The wavelet transform can be implemented in a computationally efficient manner by using a digital filter bank algorithm.22 The basic structure of the filter bank consists of a pair of low-pass and high-pass filters, followed by a dyadic downsampling operation.14,15,22 The downsampled outputs of the low-pass and high-pass filters are termed approximation and detail coefficients, respectively. The filtering/downsampling operations can be reapplied to the approximation coefficients up to the number M of decomposition levels specified by the analyst. The transform result consists of the approximation coefficients at the last level in addition to all detail coefficients. The low-pass and high-pass filters are typically of finite length, and, therefore, each approximation or detail coefficient corresponds to a section of the original signal. This spatial localization feature is one of the main advantages of WT over the Fourier transform.1,2,15

The most commons wavelet filters employed in multivariate calibration belong to the Daubechies, Symlet and Coiflet families.9,10,12,16-19 These families differ by features such as symmetry and smoothness.15,23 Each family comprises filters of different length L. The dbN, symN and coifN filters have length L = 2N, 2N and 6N, respectively. Parameter N is termed the filter order. For illustration, Figure 1 presents the Daubechies, Symlet and Coiflet low-pass filters of length 12, 18, 24 and 30. The high-pass filters are obtained by reversing the corresponding low-pass filters and changing the sign of every other element of the sequence.14,15


Experimental

Data sets

Four data sets were employed in the present investigation. The first data set consists of NIR absorbance spectra of 170 diesel samples, recorded in the range 1000-1600 nm with resolution of 0.5 nm.24 The second data set comprises MIR absorbance spectra of 104 gasoline samples in the range 2500-15400 nm with resolution of 2 nm.25 The third data set is publicly available and consists of NIR reflectance spectra of 80 corn samples in the range 1100-2500 nm with resolution of 2 nm.26 Data from instrument "mp5" were employed. The fourth data set, also publicly available,27 consists of NIR reflectance spectra of 100 wheat flour samples in the range 1000-2500 nm with resolution of 2 nm. The spectra of the four data sets are presented in Figure 2.

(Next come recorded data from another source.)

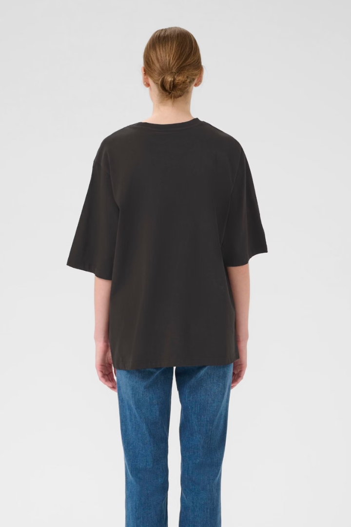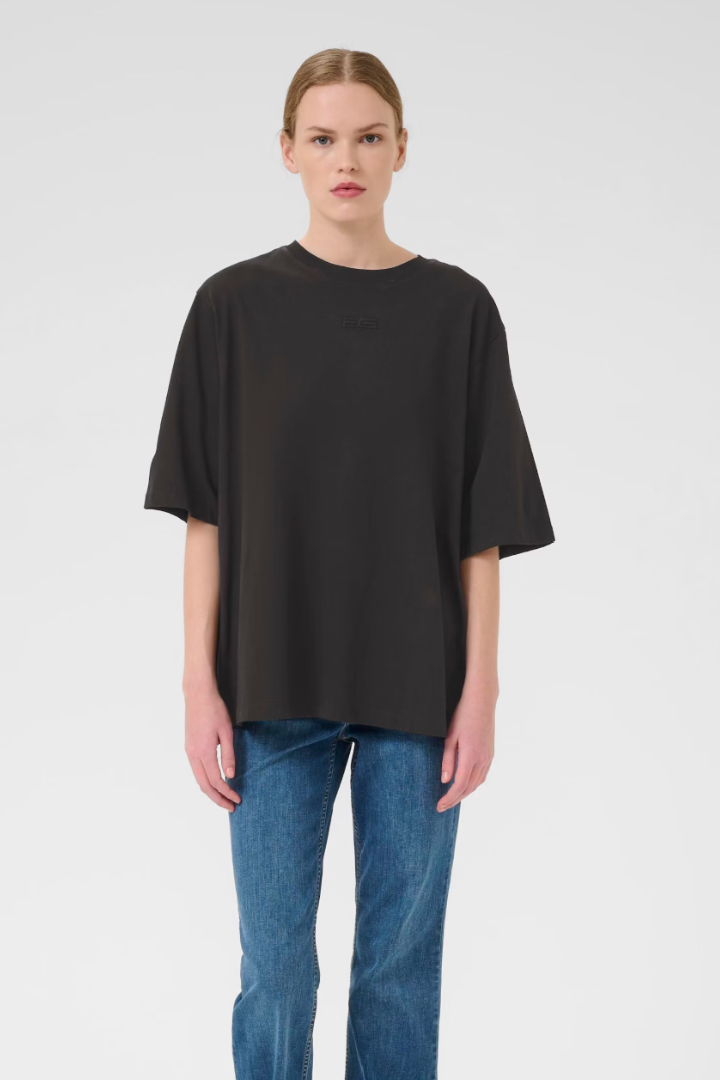 Relaxed-fit T-shirt with dropped shoulders and wide sleeves for a casual silhouette. Features a classic crew neckline and tonal front logo detail. Crafted from soft, breathable fabric for everyday comfort.
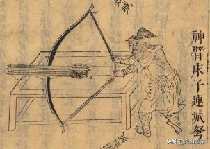 3、神臂床子连城弩:唐《通典》中有记载这种一次可发数支箭的车弩。这种弩的弩床和弩臂都比较宽,可以并排放四支弩弓,可射“二百四十步”远,威力大。
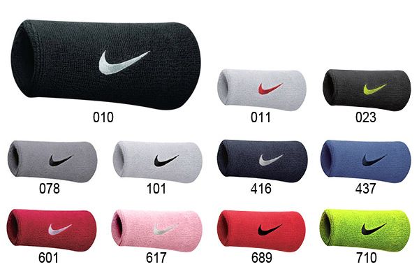 ナイキ(NIKE) スウッシュ ダブル ワイド リストバンド 2個入り 両手 品番:NNN05、BN5002 カラー 010:ブラック/ホワイト BN5002-011:ホワイト/バーシティレッド BN5002-023:ブラック/ボルト 078:シルバー/ブラック 101:ホワイト/ブラック 416:オブシージアン/ホワイト BN5002-437:コメットブルー/バイナリーブルー 601:バーシティーレッド/ホワイト 617:パーフェクトピンク/ホワイト BN5002-689:ソーラーレッド/ポートワイン 710:アトミックグリーン/ブラック
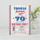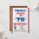 Qualquer Idade - você pode editar o número como quiser. Você pode mover e redimensionar a cauda do texto para ajustado seu nome. Espanhol de madeira russa para um convite chic mas clássico para adultos ou crianças. Tema de cor vermelha e azul.
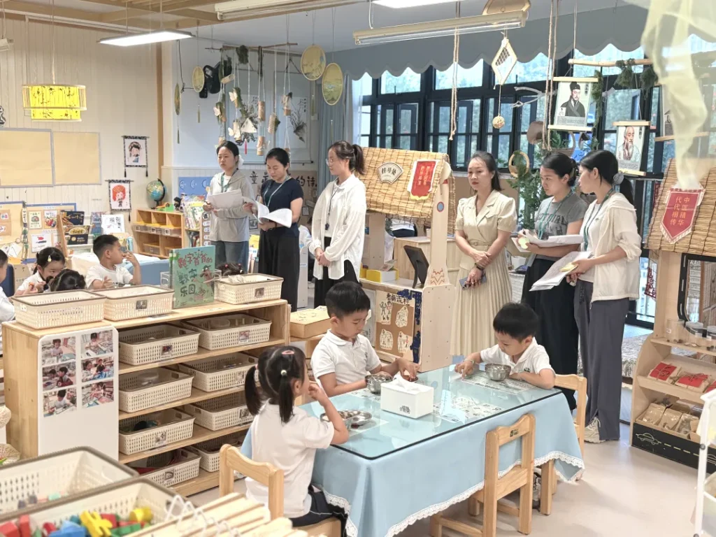 监测员分组进入小三班、中二班、大四班,以《深圳市高质量幼儿园过程性质量提升指导手册》为指引,分别围绕一日生活、学习环境、学习活动三个方面进行定点定岗观察。
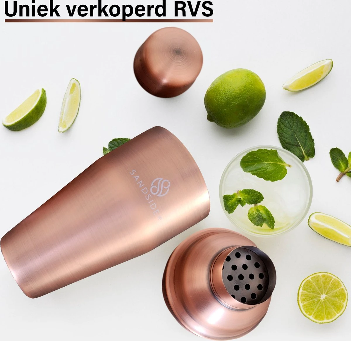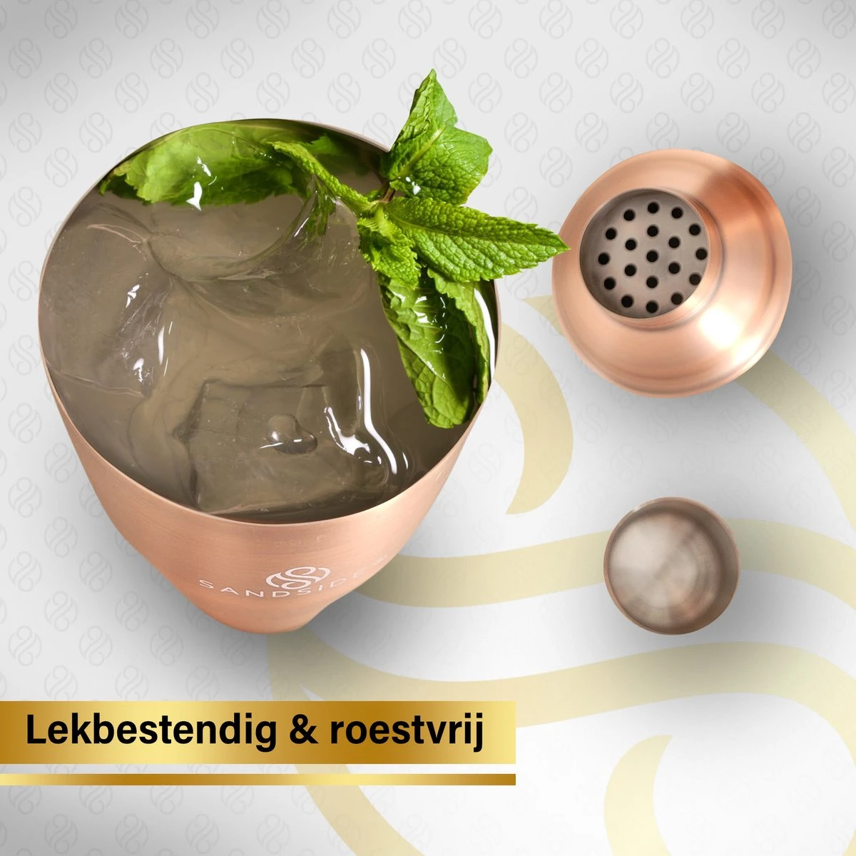 Cet ensemble à cocktail est livré avec un shaker à cocktail pratique de 750 ml dans lequel vous pouvez préparer n’importe quel cocktail en un rien de temps ! Le gobelet doseur de 25 ml et 45 ml du set à cocktail garantit que vous pouvez toujours traiter les bonnes quantités dans les cocktails, afin qu’ils puissent sortir parfaitement à chaque fois ! Envie de faire un Mojito savoureux ? Ensuite, le pilon à cocktail est pratique pour écraser un peu le citron vert et la passoire à cocktail garantit que vous ne pouvez pas boire de morceaux de citron vert en vrac.
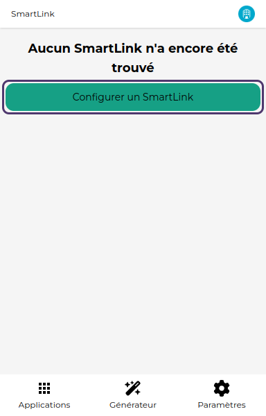 Au premier lancement, aucun SmartLink ne sera configuré. Vous arrivez donc sur une page qui vous l'indique, cliquez sur le bouton "Configurer un SmartLink" pour continuer.
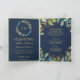 Navyblå guld eukalyptuskrans QR-kod bröllop Inbjudan
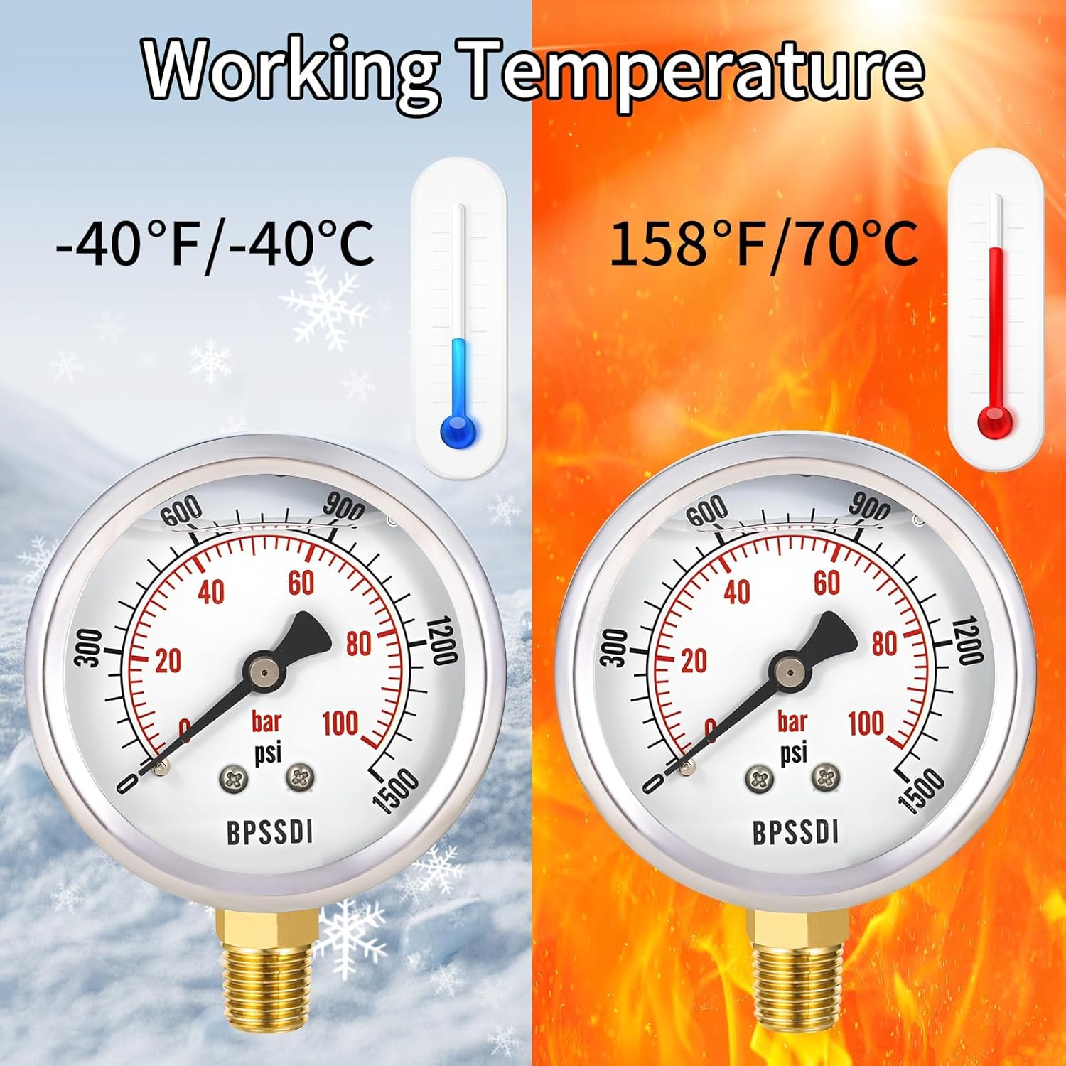 - Weather and Temperature Resistant - The pressure gauge can be used in environments from -40°C to 70°C in a variety of climates.
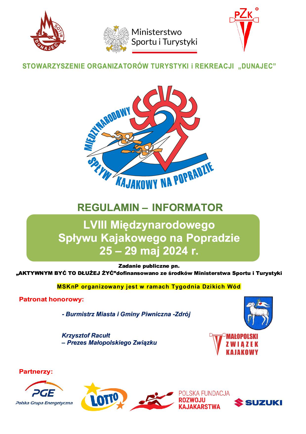 - REGULAMIN - INFORMATOR LVIII Międzynarodowy Spływ Kajakowy na Popradzie 25-29.05.2024 r.
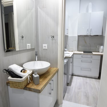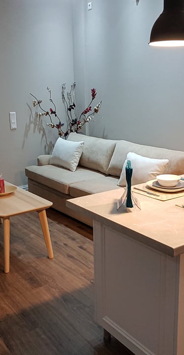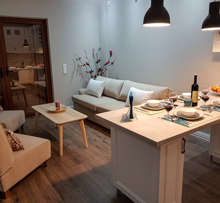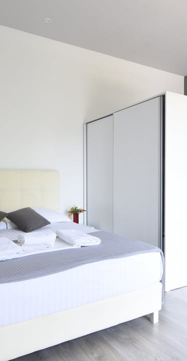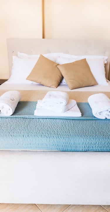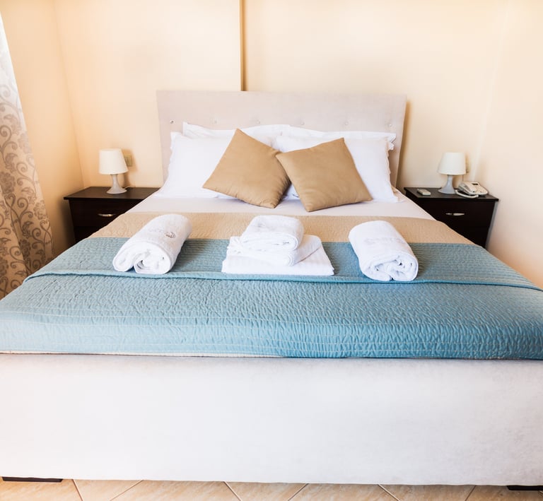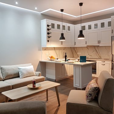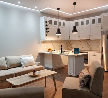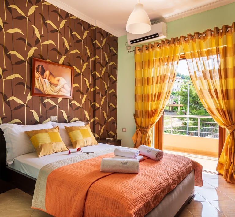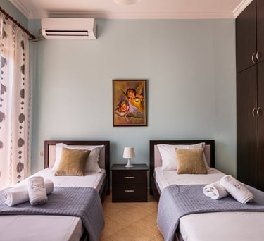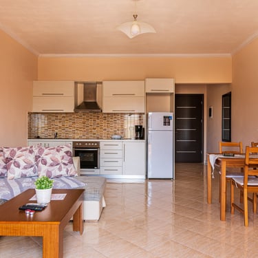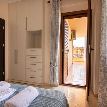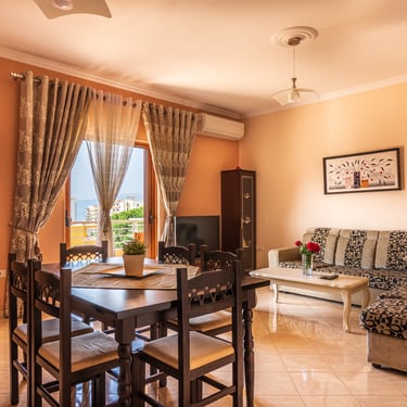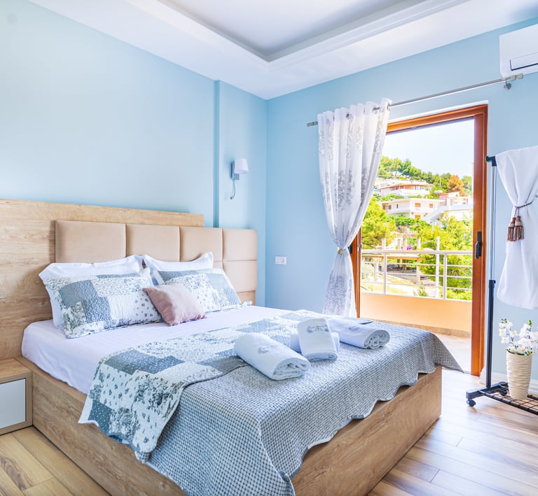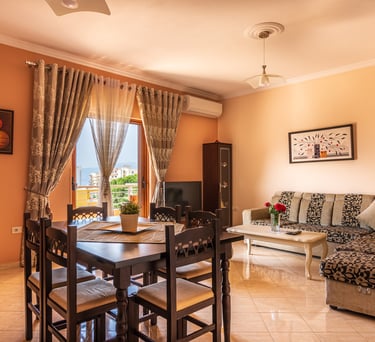 A comfortable suite centered around a king‑size bed and a separate lounge area with a sofa bed. This unit includes a private bathroom, air conditioning, kitchenette facilities, and a balcony, offering a relaxing retreat after a day exploring Sarandë.
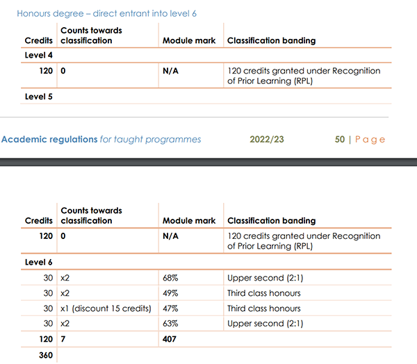 ▲英国德蒙福特大学Academic regulations for taught programmes 2022-2023: Honours degree – direct entrant into level 6

The physical and chemical properties under consideration in each data set are presented in Table 1. Henceforth these properties will be denoted by codes P1-P9.

As can be seen in Figure 2, the spectra display undesirable baseline features. For this reason, first derivative spectra were calculated by using a Savitzky-Golay filter,28 with a 2nd order polynomial and an 11 point window. The resulting spectra, which were used throughout the work, are presented in Figure 3.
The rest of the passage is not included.